**Task brief:** Transcribe exactly, and only, the lines from the one with "Эта новая система" through the end of the records below, including both of those lines. Skip all pictures.

***** Recorded data *****

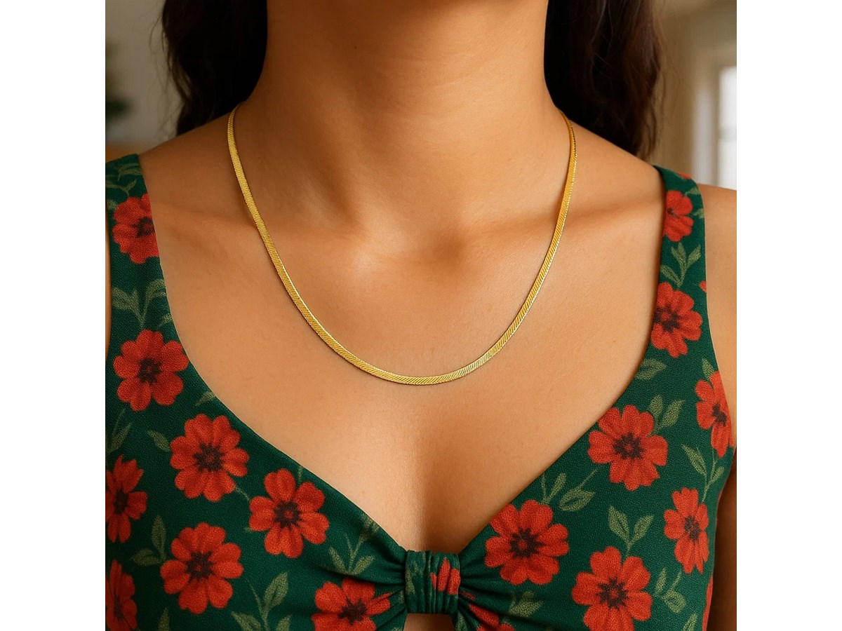 Super flex herringbone chain crafted in 14k yellow gold measuring 2.80 millimeters in width. Available in lengths 16 inches, 18 inches and 20 inches.
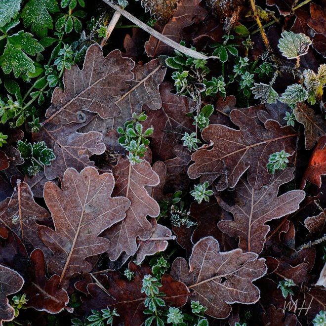 I came across this image in my collection recently and now can’t stop studying it. Now dissociated from any thoughts I had at the time of taking, I see the picture for its content, its composition, its colour. The richness of the browns and greens, the details of the frost picking out each vein of the leaves, the balance of the composition, emits an over-riding sense of stillness, quietness and calm. Looking at this image makes me feel grounded. It shows the natural order of things, speaks of real life, of time, taking time, appreciation, wonder, and waiting, without hurry. This lack of a sense of urgency is cathartic in these fast-paced times. Giving a sense that beneath the overwhelm, real life, the important stuff, the processes of time immemorial, continue assuredly, at their own pace, the natural pace, in the natural order of things, and we can reconnect to these by simply taking the time to stop and observe.
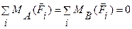 Эта новая система сил, эквивалентная нулю, удовлетворяет условиям равновесия системы сил и, в частности, условию равенства нулю суммы векторных моментов сил относительно любой точки:
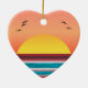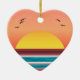 Magnifique ornement double face en céramique avec une vue romantique sur le coucher de soleil d'un art numérique de paquebot de croisière illustration par XG Designs NYC. Ce design est un coucher de soleil romantique sur la mer à l'horizon dans de belles couleurs vives d'orange, pêche et jaune, avec des oiseaux volant dans le ciel. Au fond de l'ornement, on peut voir une balustrade et la mer juste au-delà. Une merveilleuse idée cadeau de croisière pour quelqu'un qui aime la croisière ou admire les navires, et un ajout merveilleux à toute collection de décorations. Ce décor de croisière est également une excellente idée pour une soirée à thème de croisière, et un match à nos invitations et des créations de soirée à thème de croisière. Ce design est disponible dans notre magasin sous différentes formes et comme un ornement personnalisé et personnalisé aussi! Pour plus de styles et de modèles d'ornements thématiques de croisière, invitations, timbres, faveurs et cadeaux, visitez notre boutique!
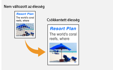 Beállíthatja a másolt kép élességét. Elmosódott szöveg és vonalak élesítése céljából növelhető, az újságfényképek megjelenésének javítása érdekében pedig csökkenthető az élesség.

*****

**Answer section:**
 Эта новая система сил, эквивалентная нулю, удовлетворяет условиям равновесия системы сил и, в частности, условию равенства нулю суммы векторных моментов сил относительно любой точки:
 Magnifique ornement double face en céramique avec une vue romantique sur le coucher de soleil d'un art numérique de paquebot de croisière illustration par XG Designs NYC. Ce design est un coucher de soleil romantique sur la mer à l'horizon dans de belles couleurs vives d'orange, pêche et jaune, avec des oiseaux volant dans le ciel. Au fond de l'ornement, on peut voir une balustrade et la mer juste au-delà. Une merveilleuse idée cadeau de croisière pour quelqu'un qui aime la croisière ou admire les navires, et un ajout merveilleux à toute collection de décorations. Ce décor de croisière est également une excellente idée pour une soirée à thème de croisière, et un match à nos invitations et des créations de soirée à thème de croisière. Ce design est disponible dans notre magasin sous différentes formes et comme un ornement personnalisé et personnalisé aussi! Pour plus de styles et de modèles d'ornements thématiques de croisière, invitations, timbres, faveurs et cadeaux, visitez notre boutique!
 Beállíthatja a másolt kép élességét. Elmosódott szöveg és vonalak élesítése céljából növelhető, az újságfényképek megjelenésének javítása érdekében pedig csökkenthető az élesség.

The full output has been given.